Data extracted from a collection
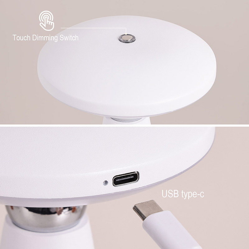 Atingeți comutatorul de atenuareLampa de birou cu LED ciupercă cu baterie reîncărcabilă cu liniile sale simple și netede și forma ergonomică, designul în formă de ciupercă și coada acului și lampa de birou LED cu lumină caldă din metal, nu este doar un instrument de iluminat practic,
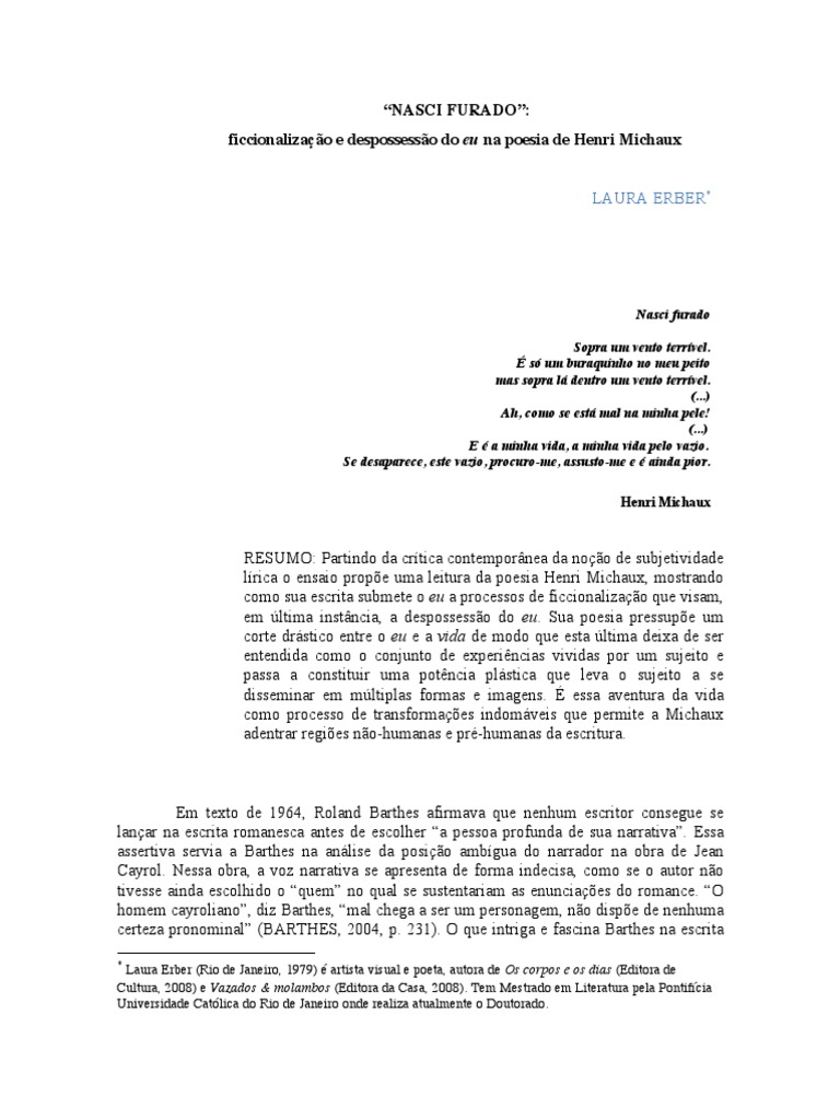lrica o ensaio prope uma leitura da poesia Henri Michaux, mostrando
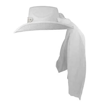 Show more Introducing the ultimate Western Cowgirl Hat for the modern bride! This unique hat features a stunning attached veil adorned with the word BRIDE made from faux pearls and silver gems. Choose between elegant black or classic white to match any bridal theme and accentuate the joy of the day. The hat is not just a fashion statement; it transforms the wedding experience into a memorable moment, ensuring the woman or man of the hour feels truly special.
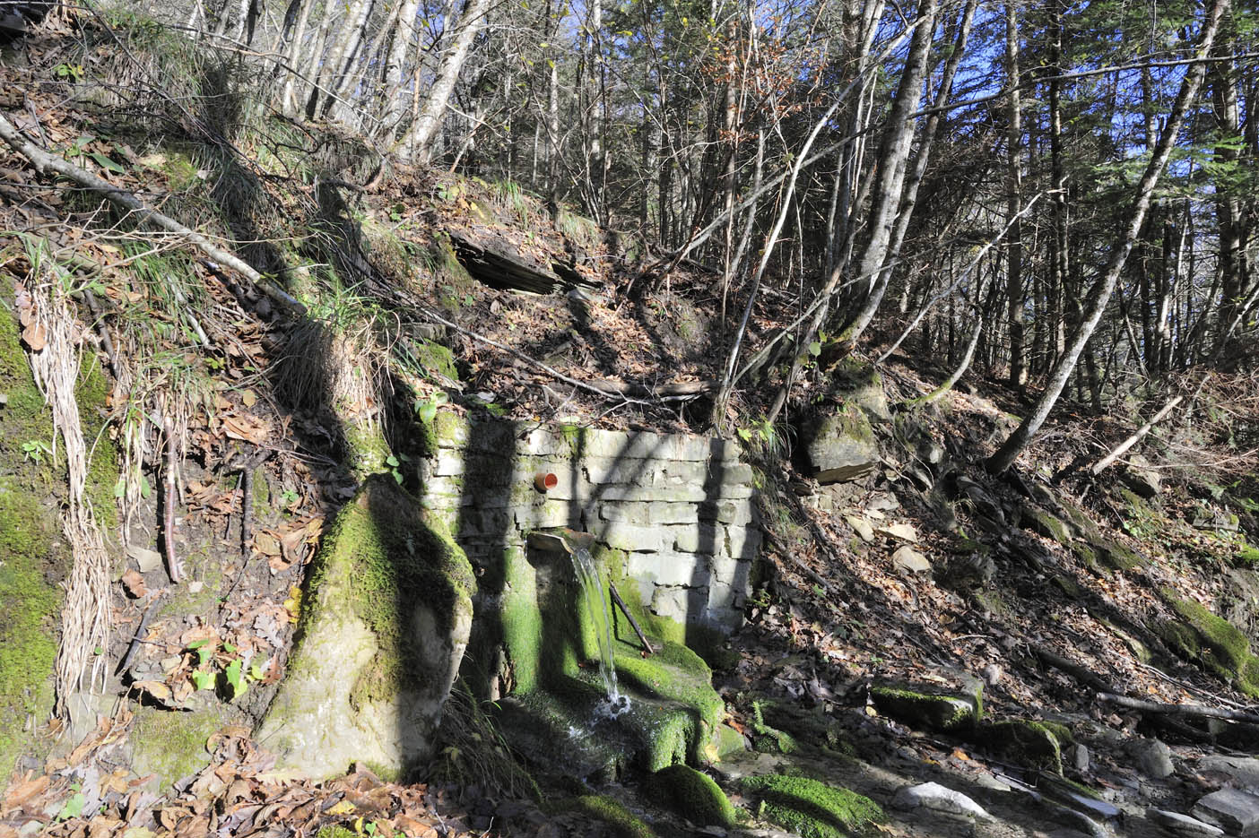 004p/004s – Sull’altro ramo del Rio del Castagno, al guado sulla mulattiera, sgorga un’anonima Fonte (del Castagno?) (10/12/15 – 29/11/18).
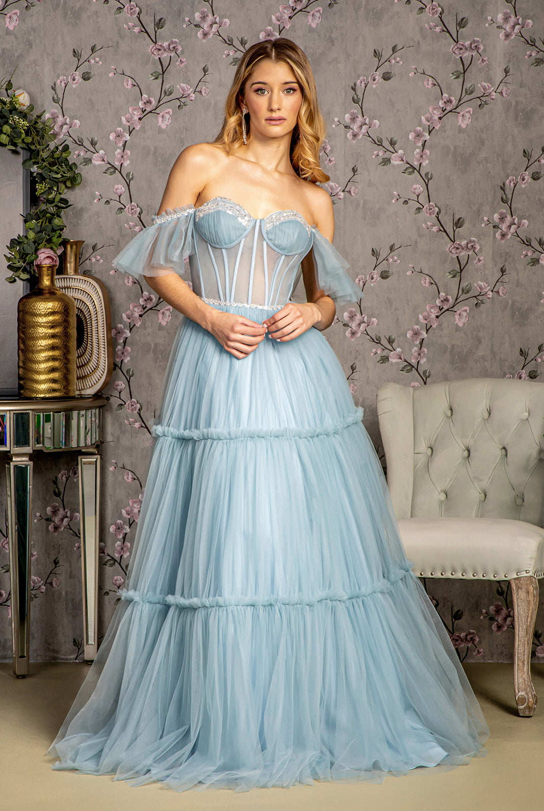 Glitter Embroidery Sheer Bodice Mesh w/ Long Puff Sleeves Long Ball Dress GLGL3476
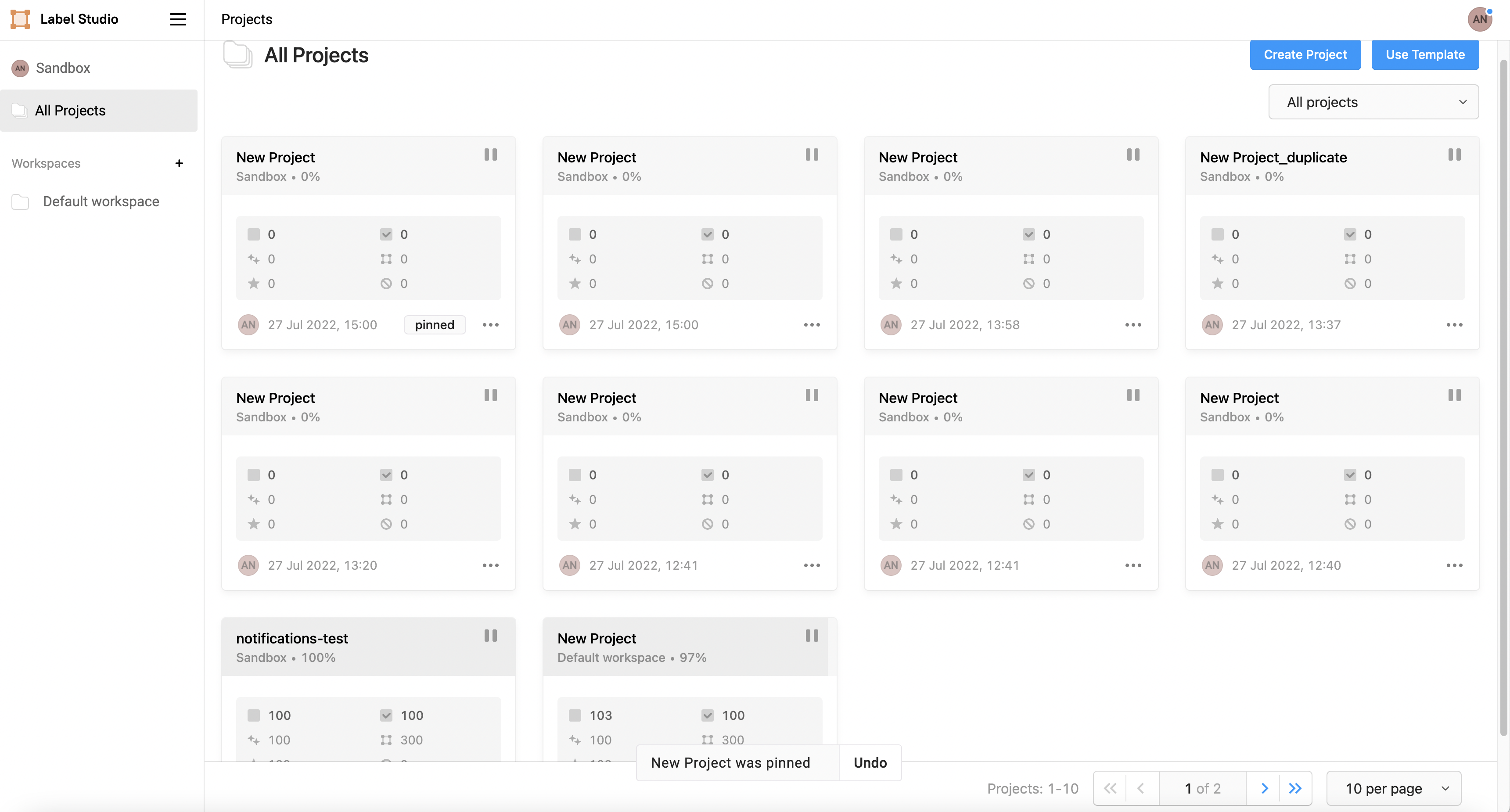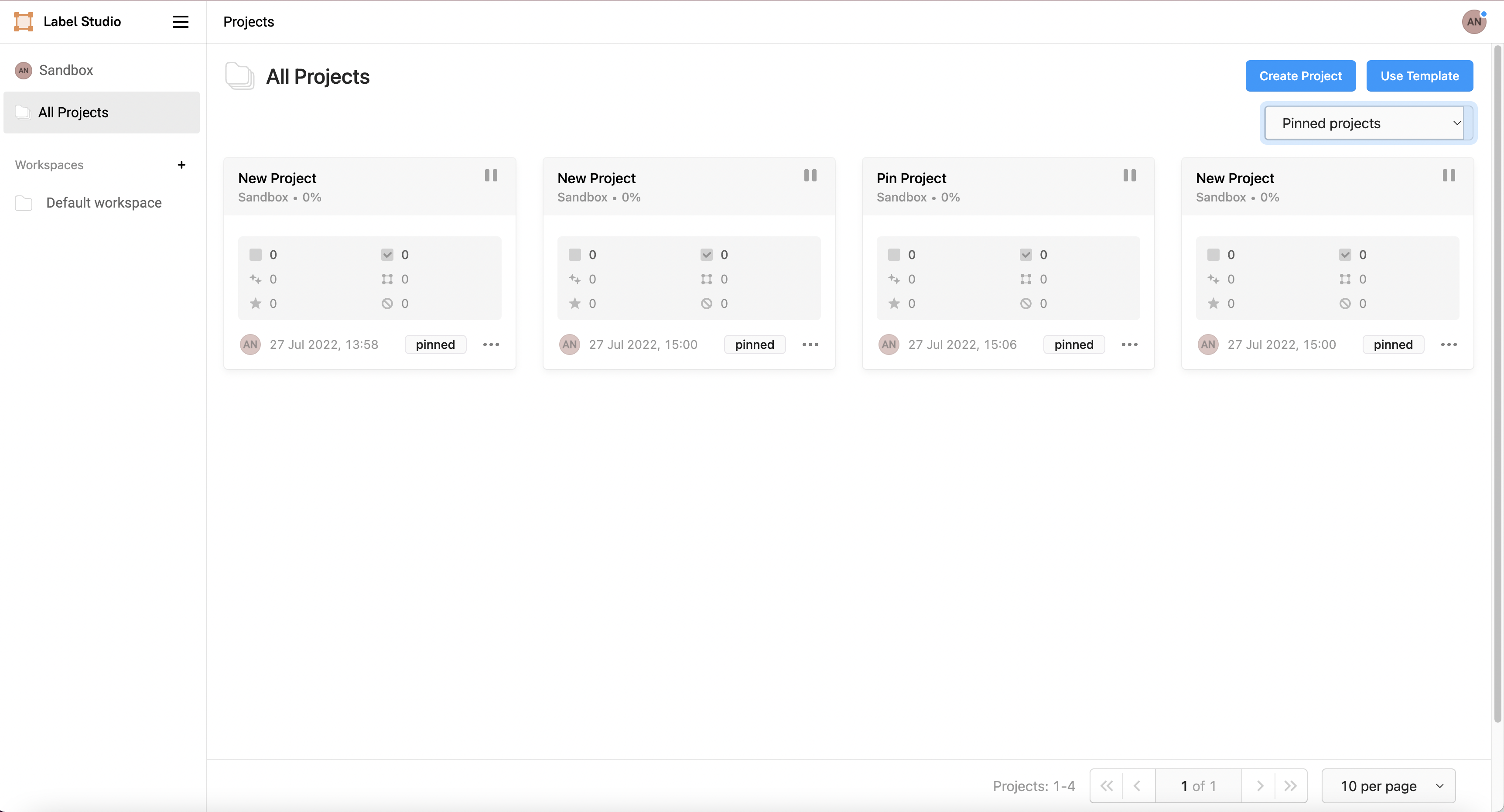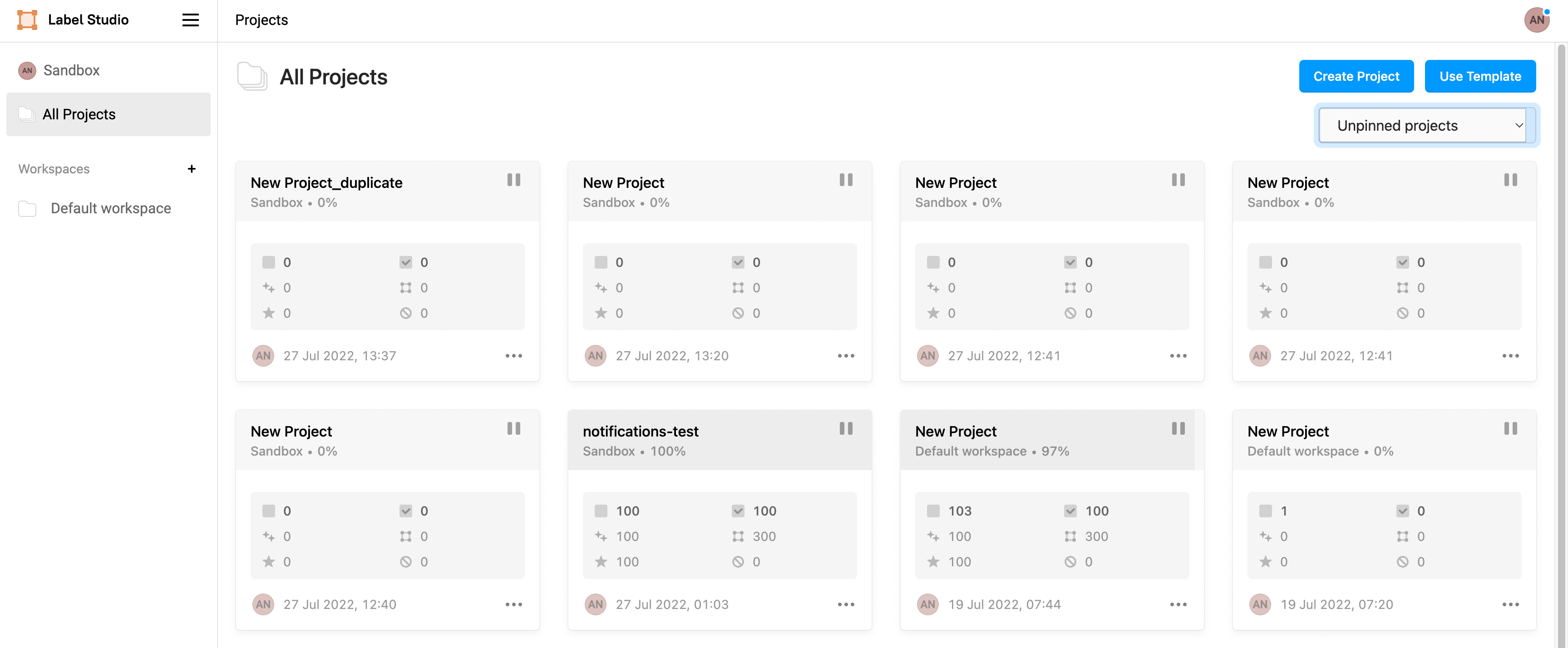 - In the Label Studio UI, click All Projects to see all the projects in one place.

ACTION ITEM> Write the lines from the line containing "lrica o ensaio" through the last line of the data out again exactly, and only those lines; pictures stay out.

COMPLETED TASK>
lrica o ensaio prope uma leitura da poesia Henri Michaux, mostrando
 Show more Introducing the ultimate Western Cowgirl Hat for the modern bride! This unique hat features a stunning attached veil adorned with the word BRIDE made from faux pearls and silver gems. Choose between elegant black or classic white to match any bridal theme and accentuate the joy of the day. The hat is not just a fashion statement; it transforms the wedding experience into a memorable moment, ensuring the woman or man of the hour feels truly special.
 004p/004s – Sull’altro ramo del Rio del Castagno, al guado sulla mulattiera, sgorga un’anonima Fonte (del Castagno?) (10/12/15 – 29/11/18).
 Glitter Embroidery Sheer Bodice Mesh w/ Long Puff Sleeves Long Ball Dress GLGL3476
 - In the Label Studio UI, click All Projects to see all the projects in one place.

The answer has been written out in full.